◆ Exercise goal ◆
Print every line of the listing below, starting with the line that holds "G’Soft (จีซอฟท์) ปากกาลูกลื่น" and going on through the line that holds "707 Wohlfahrt Altes", both included, and print nothing else.

◆ Dataset records ◆
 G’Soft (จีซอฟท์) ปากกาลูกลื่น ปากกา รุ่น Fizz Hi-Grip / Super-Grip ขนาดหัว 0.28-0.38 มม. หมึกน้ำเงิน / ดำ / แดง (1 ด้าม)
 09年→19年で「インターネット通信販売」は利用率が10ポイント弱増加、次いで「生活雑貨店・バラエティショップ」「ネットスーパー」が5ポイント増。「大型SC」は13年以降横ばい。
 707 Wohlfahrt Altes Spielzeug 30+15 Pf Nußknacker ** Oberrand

--

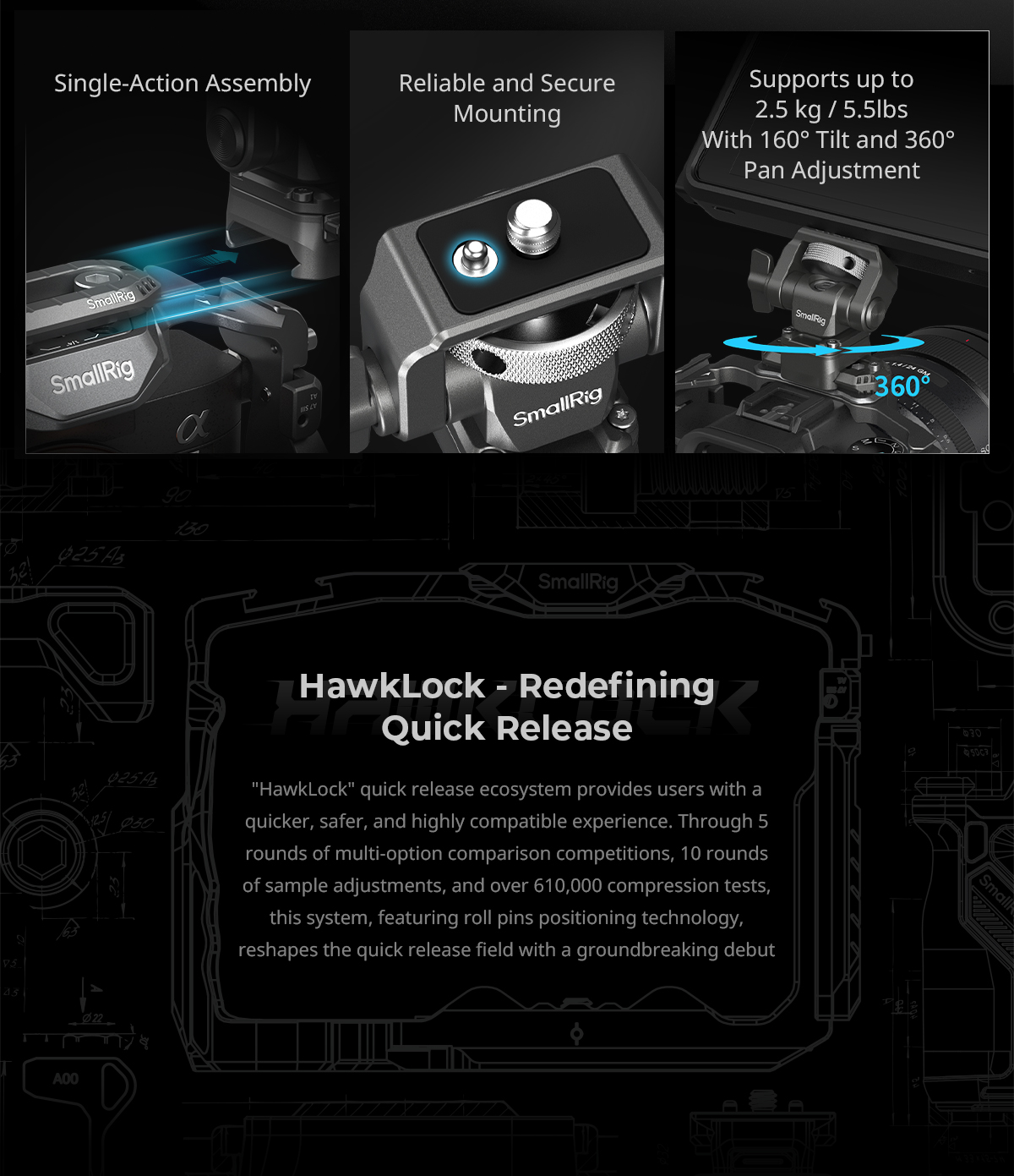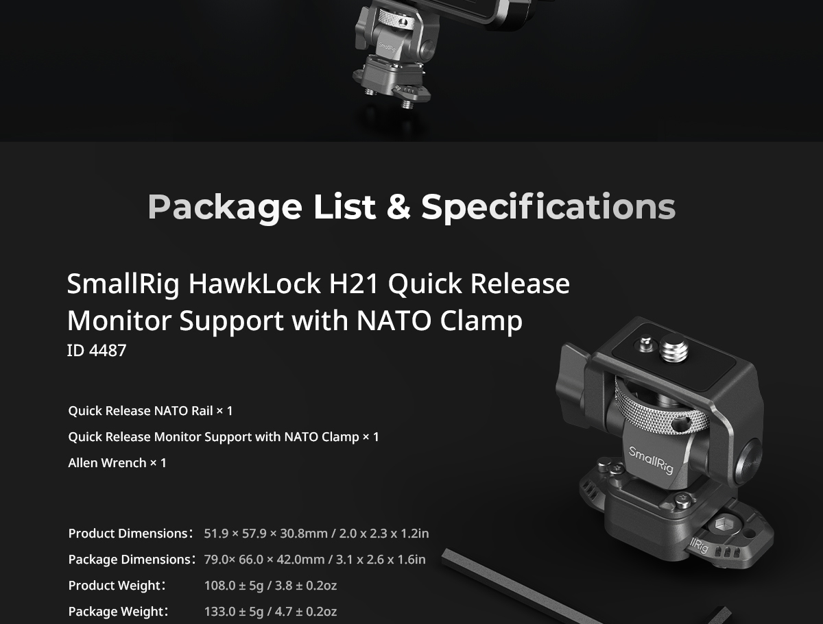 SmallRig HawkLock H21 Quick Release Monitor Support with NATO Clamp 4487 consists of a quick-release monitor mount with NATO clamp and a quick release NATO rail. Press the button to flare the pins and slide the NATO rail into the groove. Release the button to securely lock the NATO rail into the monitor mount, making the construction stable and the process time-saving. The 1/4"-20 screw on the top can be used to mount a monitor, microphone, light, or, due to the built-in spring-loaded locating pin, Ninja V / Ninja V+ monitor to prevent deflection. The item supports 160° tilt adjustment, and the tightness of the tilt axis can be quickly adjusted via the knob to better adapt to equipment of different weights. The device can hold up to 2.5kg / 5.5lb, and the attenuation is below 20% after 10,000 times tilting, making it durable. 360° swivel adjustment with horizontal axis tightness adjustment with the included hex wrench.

--

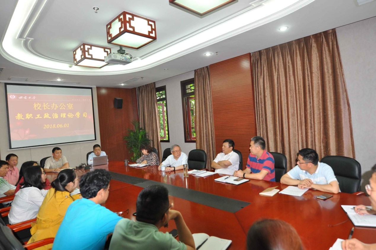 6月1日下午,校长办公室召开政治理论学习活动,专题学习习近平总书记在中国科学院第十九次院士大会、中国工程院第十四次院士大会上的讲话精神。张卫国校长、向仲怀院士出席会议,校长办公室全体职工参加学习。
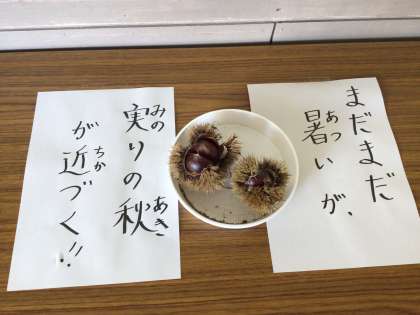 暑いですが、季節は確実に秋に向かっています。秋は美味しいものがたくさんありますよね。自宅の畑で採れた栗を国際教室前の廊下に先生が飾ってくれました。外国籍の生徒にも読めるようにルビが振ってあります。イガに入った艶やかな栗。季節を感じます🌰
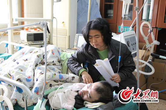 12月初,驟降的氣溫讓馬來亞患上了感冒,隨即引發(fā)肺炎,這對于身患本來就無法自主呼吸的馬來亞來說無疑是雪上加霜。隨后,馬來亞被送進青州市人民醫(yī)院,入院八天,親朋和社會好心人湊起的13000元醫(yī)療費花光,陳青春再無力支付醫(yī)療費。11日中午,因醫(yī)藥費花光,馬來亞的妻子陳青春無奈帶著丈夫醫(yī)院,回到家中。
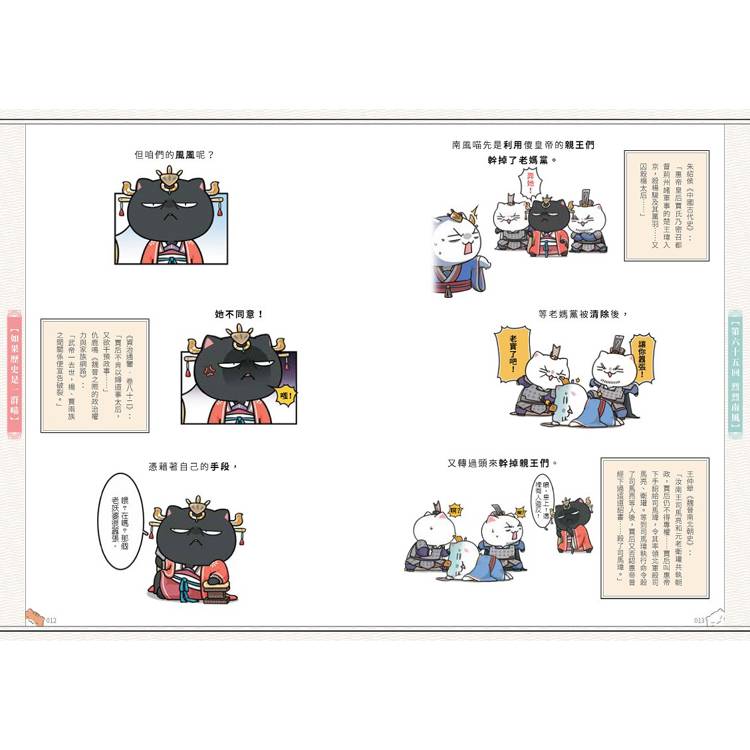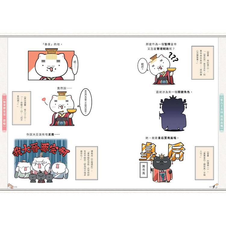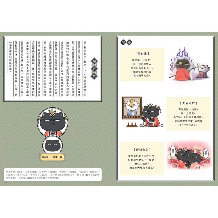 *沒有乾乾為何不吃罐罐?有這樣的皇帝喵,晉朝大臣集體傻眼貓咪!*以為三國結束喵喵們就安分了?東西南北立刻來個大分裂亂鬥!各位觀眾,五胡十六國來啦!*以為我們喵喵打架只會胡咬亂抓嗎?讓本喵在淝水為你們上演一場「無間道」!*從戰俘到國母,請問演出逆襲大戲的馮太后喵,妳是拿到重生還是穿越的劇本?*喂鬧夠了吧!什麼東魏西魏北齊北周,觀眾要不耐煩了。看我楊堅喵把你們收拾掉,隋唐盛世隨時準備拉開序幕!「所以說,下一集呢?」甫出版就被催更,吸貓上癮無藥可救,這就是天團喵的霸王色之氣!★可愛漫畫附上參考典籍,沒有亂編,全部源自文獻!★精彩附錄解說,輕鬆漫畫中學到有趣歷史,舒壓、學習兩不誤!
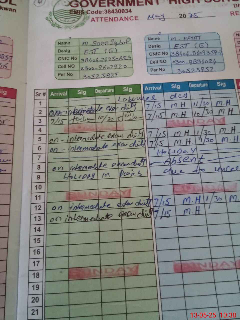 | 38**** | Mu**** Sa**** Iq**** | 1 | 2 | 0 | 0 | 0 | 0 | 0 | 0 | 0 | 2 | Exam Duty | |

◆ Answer section ◆
 G’Soft (จีซอฟท์) ปากกาลูกลื่น ปากกา รุ่น Fizz Hi-Grip / Super-Grip ขนาดหัว 0.28-0.38 มม. หมึกน้ำเงิน / ดำ / แดง (1 ด้าม)
 09年→19年で「インターネット通信販売」は利用率が10ポイント弱増加、次いで「生活雑貨店・バラエティショップ」「ネットスーパー」が5ポイント増。「大型SC」は13年以降横ばい。
 707 Wohlfahrt Altes Spielzeug 30+15 Pf Nußknacker ** Oberrand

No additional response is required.